Connecting Artificial Brains to Robots in a Comprehensive Simulation Framework: The Neurorobotics Platform
Egidio Falotico, Lorenzo Vannucci, Alessandro Ambrosano, Ugo Albanese, Stefan Ulbrich, J. Camilo Vasquez Tieck, Georg Hinkel, Jacques Kaiser, Igor Peric, Oliver Denninger, Nino Cauli, Murat Kırtay, Arne Roennau, Gudrun Klinker, Axel von Arnim, Luc Guyot, Daniel Peppicelli, Pablo Martínez‐Cañada, Eduardo Ros, Patrick Maier
- Year
- 2017
- Citations
- 117
- Access
- Open access
Abstract
Combined efforts in the fields of neuroscience, computer science and biology allowed to design biologically realistic models of the brain based on spiking neural networks. For a proper validation of these models, an embodiment in a dynamic and rich sensory environment, where the model is exposed to a realistic sensory-motor task, is needed.
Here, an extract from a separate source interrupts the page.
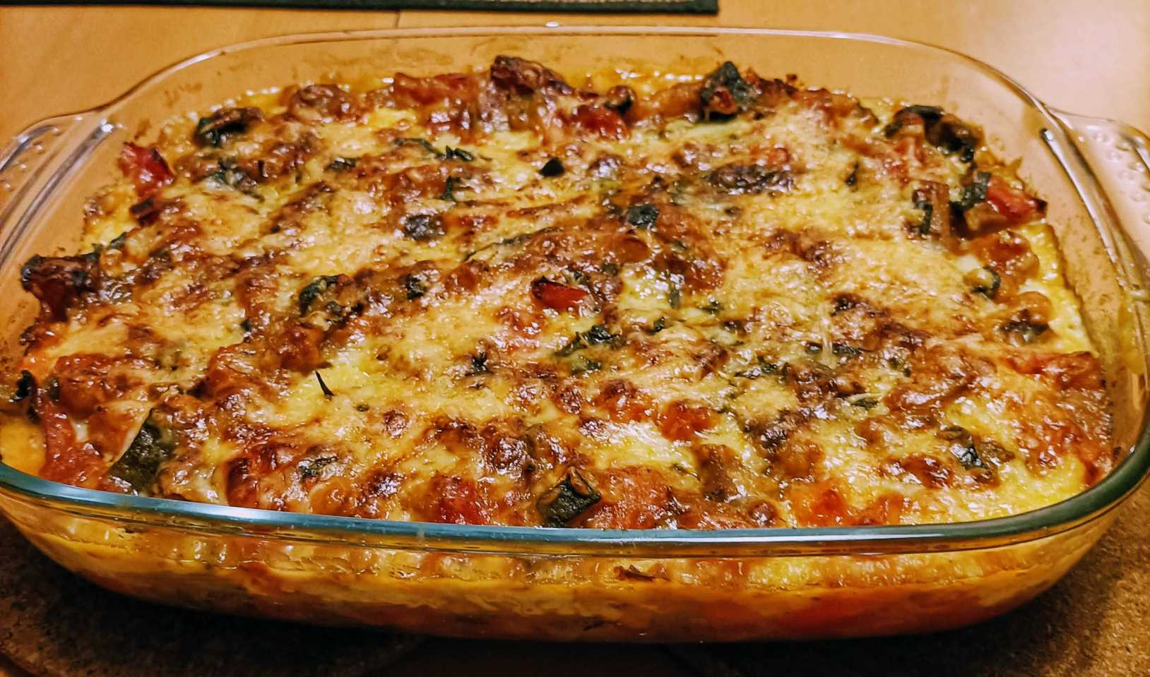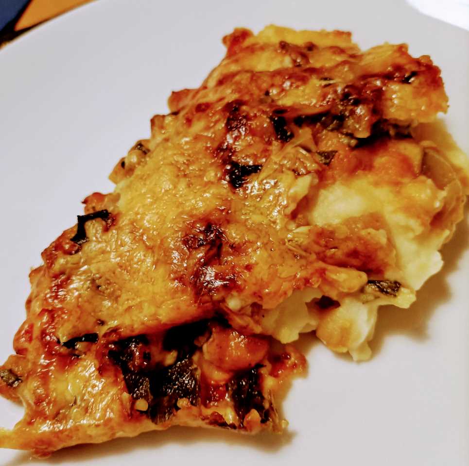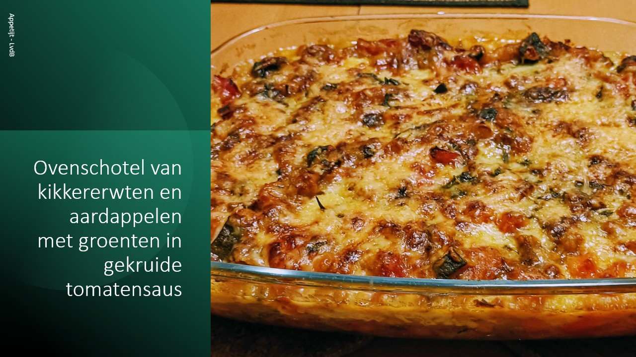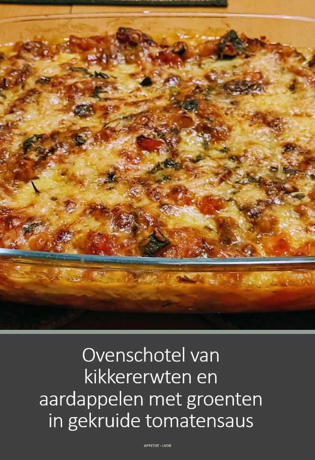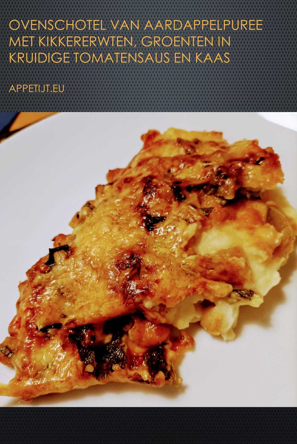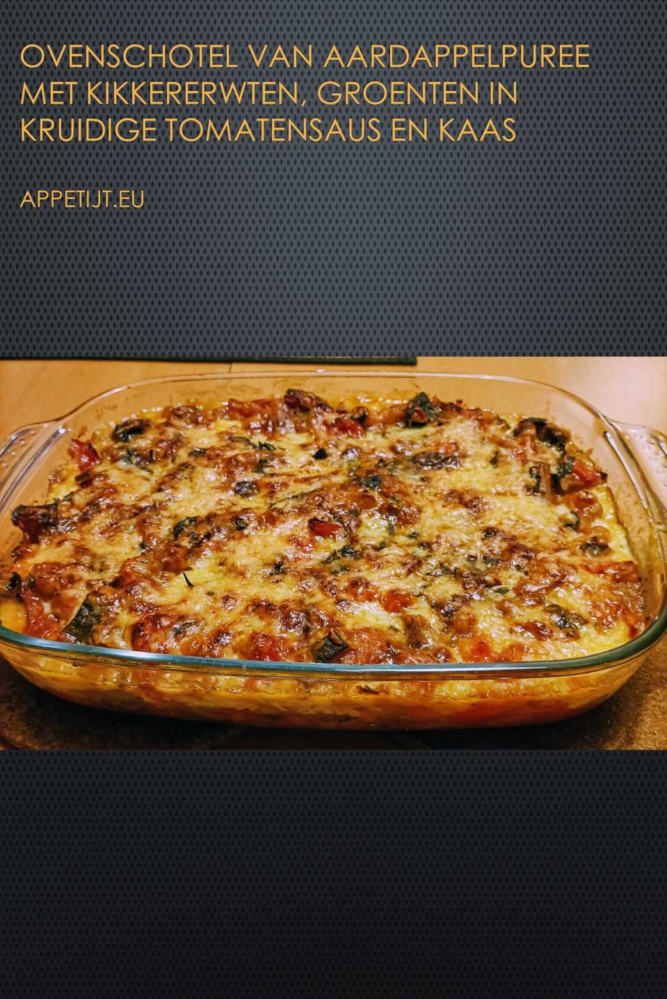 Ovenschotel van aardappelpuree met kikkererwten, groenten in kruidige tomatensaus en kaas

Due to the complexity of these brain models that, at the current stage, cannot deal with real-time constraints, it is not possible to embed them into a real world task. Rather, the embodiment has to be simulated as well. While adequate tools exist to simulate either complex neural networks or robots and their environments, there is so far no tool that allows to easily establish a communication between brain and body models. The Neurorobotics Platform is a new web-based environment that aims to filling this gap by offering scientists and technology developers a software infrastructure allowing them to connect brain models to detailed simulations of robot bodies and environments and to use the resulting neurorobotic systems for in-silico experimentation. In order to simplify the workflow and reduce the level of the required programming skills, the platform provides editors for the specification of experimental sequences and conditions, envi-ronments, robots, and brain-body connectors. In addition to that, a variety of existing robots and environments are provided. This work presents the architecture of the first release of the Neurorobotics Platform developed in subproject 10 “Neurorobotics” of the Human Brain Project (HBP). At the current state, the Neurorobotics Platform allows researchers to design and run basic experiments in neurorobotics using simulated robots and simulated environments linked to simplified versions of brain models. We illustrate the capabilities of the platform with three example experiments: a Braitenberg task implemented on a mobile robot, a sensory-motor learning task based on a robotic controller and a visual tracking embedding a retina model on the iCub humanoid robot. These use-cases allow to assess the applicability of the Neurorobotics Platform for robotic tasks as well as in neuroscientific experiments.